The question is if some firmware update suddenly added all your smart speakers to a bot net what other things on your network would that expose? And what sort of risk is that?

Steve

somerino

@stephenw10
Thanks Stephe for the reply.

I'm a little bit overwhelmed by the thread itself. I don't know which solution works. Whether it's PIMPD, Avahi or the UDP relay.
I think the relay looks promising, but isn't in the package manager yet: https://redmine.pfsense.org/issues/10818 Will this be a thing?

@stephenw10 said in Sonos speakers and applications on different subnets (VLAN's):

Only you can decide that really

For myself, I'd be thrilled to work this out somehow. But sadly my company network has way bigger security holes to close :( I'll comeback to this thread, when I've time!

EDIT: I tried it with IGMP-Proxy, doesn't work

Qinn

I can only speak for myself and I don't like IoT's that are closed source, be it cam's, Sonos, smart power plugs etc.
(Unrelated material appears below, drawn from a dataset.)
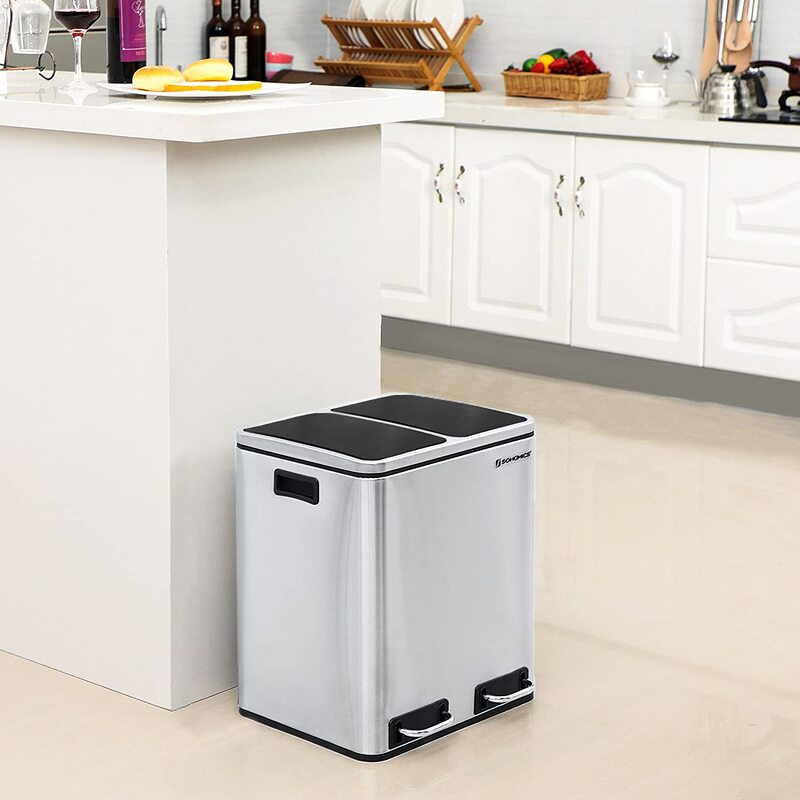[Delights Small Kitchens] With two 15L compartments, this trash can fits perfectly in compact kitchens, apartments, or smaller homes and helps manage recycling and trash in one convenient receptacle

I have no idea what so ever what they (can) do and how well there operating system is maintained. As an example I have video door cam that has a telnet service running, no idea why this should be and why telnet is chosen and not SSH.

It's like your home, some use a burglar alarm system others only have lock, so each to his own ;)

somerino

@qinn

I totaly agree. To be honest, I wish I could trust some companies to do their homework. I can't and don't want to control everything by myself.